As things later turned out, there appeared to be a history to the matter: the aggressor felt his victim had acted in a most ungentlemanly manner toward his current girlfriend, who he believed had once had a romantic liaison with the victim. The aggressor determined that he would teach the unfortunate soul a thing or two about proper male-female relations.

Thereafter things unfolded quickly. In short order, the aggressor resisted police suggestions that he settle down, move along, go home and the like. Finally he attempted to shove the officers aside. After repeated warnings the officers were left with no alternative but to arrest him for public intoxication, assault and resisting arrest. He resisted as they attempted to handcuff him and vocal protests about his innocence and the allegedly brutal police behaviour predictably aroused dozens of equally intoxicated celebrants.

One of the aggressor’s friends decided to assault W’s escort, who, in attempting to apprehend and take control of his assailant, left W on his own with his arrest, who was becoming increasingly aggressive.
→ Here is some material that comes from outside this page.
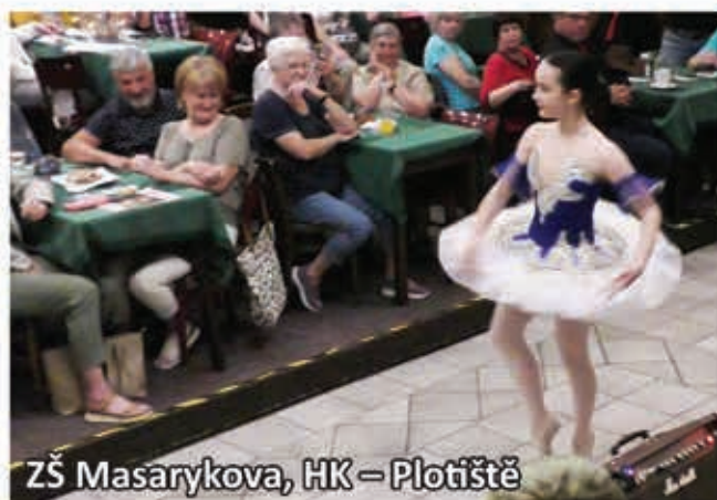
ZŠ Masarykova, HK – Plotiště

Fearful for the safety of his partner, who was now out of sight in an alleyway, W attempted to place his arrest, who by this time was handcuffed, on the ground so he could find his escort. The man repeatedly resisted and W finally used sufficient force to pull him backwards onto the ground. The man claimed he struck his head on the pavement, cutting his ear, and that the officer had assaulted him. A crowd of onlookers became extremely vocal and apparently upset at witnessing this use of force.

For other reasons this incident became front page news in the local media. In the resulting public uproar, the chief ordered a hearing into allegations of excessive force. It came as no surprise that the officer was quickly found not guilty, considering the credibility of the prosecution witnesses, but what was most gratifying were some of the comments the hearing officer, retired Superintendent R.J. Fitches, made in his decision. I can do no better than to quote from it:

<In situations such as this when a police officer finds it necessary to apply some amount of force to facilitate the arrest of a person, the picture that emerges for the onlooker is one that is not very attractive and to the untrained eye smacks of brutality. Techniques such as kicks and strikes are alarming to witness… Such is all too often a part of the task of making an arrest, however.
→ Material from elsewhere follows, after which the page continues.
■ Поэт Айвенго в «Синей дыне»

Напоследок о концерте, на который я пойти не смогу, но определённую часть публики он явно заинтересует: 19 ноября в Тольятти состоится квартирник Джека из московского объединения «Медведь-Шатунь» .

It has been stated that policing can sometimes be an ugly occupation. The application of force is one such unattractive facet of policing.
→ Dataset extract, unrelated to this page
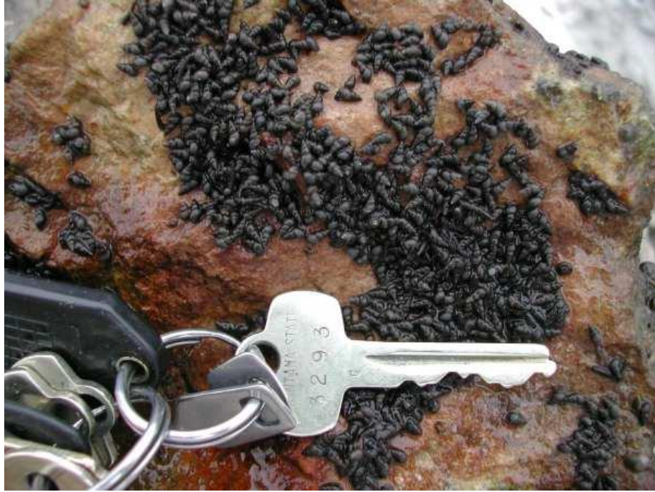
Slika 5. Gusta populacija Potamopyrgus antipodarum

In situations such as this, onlookers simply cannot be expected to recognize the nuances of what it feels like when the officer experiences resistance in a person that he or she is arresting. The subtle twitch or jerk of the arms, legs, hands or shoulder is virtually invisible to the onlooker but is extremely telling to the arresting officer. Those sometimes minuscule changes in the tension of the arrestee’s body are the important signals that put the police officer on notice that he or she is about to experience some degree of resistance and had better be prepared. The officer’s reactions, therefore, can frequently be viewed as happening without cause and characterized as gratuitous…

If one were to ask whether this was a ‘textbook’ grounding and/or arrest, one might be hard-pressed to say that it was. Nevertheless we cannot and must never perform exploratory surgery on situations such as this in the calm, methodical, well-lit arena of the hearing room.>

Those comments should, in my view, be required reading for anyone who is ever called upon to judge police use of force.